What I am stuck here is why does the uniformly bounded condition on the sequence guarantees that we can find a subsequence that converges at $w_1$ and also how does this relate to the fact that $\{w_j\}_{j=1}^{\infty}$ is dense in $\Omega$? Thanks so much for the help or for any hint that helps me understand this better!
If you have a sequence of functions $f_n \colon \Omega \to \mathbb{C}$, evaluating each of these functions at some $w \in \Omega$ gives you a sequence of complex numbers. If the sequence of functions is uniformly bounded (it suffices that it is pointwise bounded), the resulting sequence of complex numbers $z_n = f_n(w)$ is bounded. And then the Bolzano-Weierstraß theorem tells you that you can extract a subsequence that converges [if you can use only the real version, apply it twice, first to get a subsequence for which $x_{n_k} = \operatorname{Re} z_{n_k}$ converges, then to get a subsequence for which $y_{n_{k_m}} = \operatorname{Im} z_{n_{k_m}}$ converges too].
This extraction of convergent subsequences can be repeated for every $w_j$. If we have found a subsequence $(f_{n,k})$ of $(f_n)$ such that $f_{n,k}(w_j)$ converges for all $j \leqslant k$, then since $\bigl(f_{n,k}(w_{k+1})\bigr)$ is a bounded sequence of complex numbers, there is a subsequence $(f_{n,k+1})$ of $(f_{n,k})$ such that $\bigl(f_{n,k+1}(w_{k+1})\bigr)$ converges in $\mathbb{C}$. Since it is a subsequence of $(f_{n,k})$, it follows that $\bigl(f_{n,k+1}(w_j)\bigr)$ converges for all $j \leqslant k+1$. Then the diagonal sequence $(f_{n,n})_{n \in \mathbb{N}}$ has the property that $\bigl(f_{n,n}(w_j)\bigr)$ converges for every $j$, since its tail $(f_{n,n})_{n \geqslant j}$ is a subsequence of $(f_{n,j})$ for every $j$.
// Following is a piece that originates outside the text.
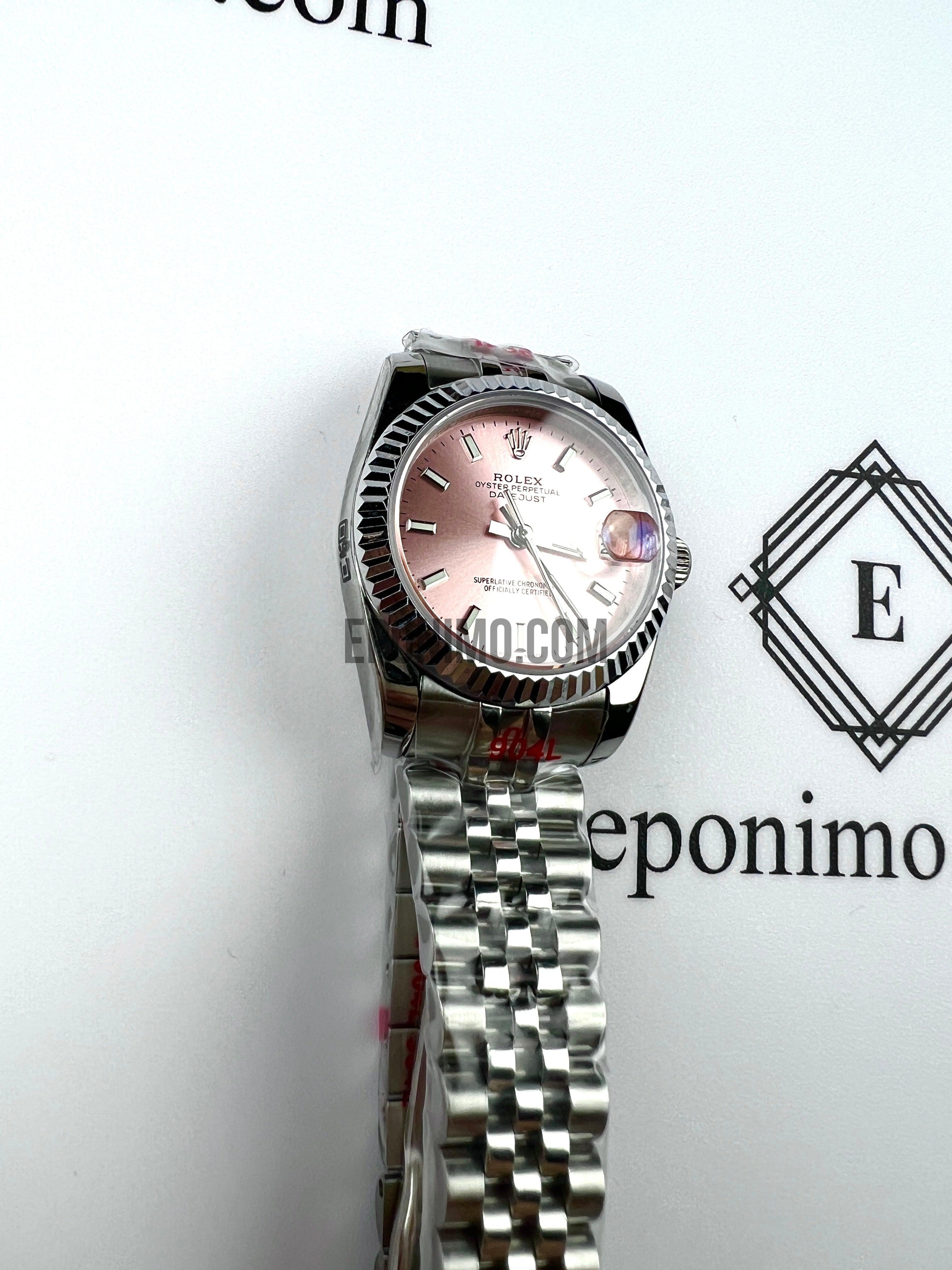 Με 31 χιλιοστά διάμετρο, γυναικείο, κατασκευασμένο εξ'ολοκλήρου από συμπαγές ανοξείδωτο ατσάλι. Φοράει αντιχαρακτικό κρύσταλλο ζαφειρίου και αυτόματο μηχανισμό. Αδιάβροχο.

Up to here, only the pointwise boundedness of the sequence $(f_n)$ - that means that $\{ f_n(w) : n \in \mathbb{N}\}$ is a bounded subset of $\mathbb{C}$ for every $w \in \Omega$ was used. For the next part, we need that the $f_n$ are holomorphic, and that the sequence is (locally) uniformly bounded. With these conditions, the Cauchy estimates for the derivatives of holomorphic functions show that the sequence $(f_n)$ is equicontinuous.
And now comes the point where we use that $S = \{w_j : j \in \mathbb{N}\}$ is dense in $\Omega$. By the Ascoli-Bourbaki theorem (Bourbaki generalised Ascoli's classical theorem), an equicontinuous sequence of functions that converges at every point of $S$ does in fact converge pointwise on all of $\Omega$, and moreover the convergence is uniform on every compact subset of $\Omega$.
And that is just what we need, from an arbitrary sequence in $\mathcal{F}$ we extracted a subsequence that converges uniformly on every compact $K \subset \Omega$.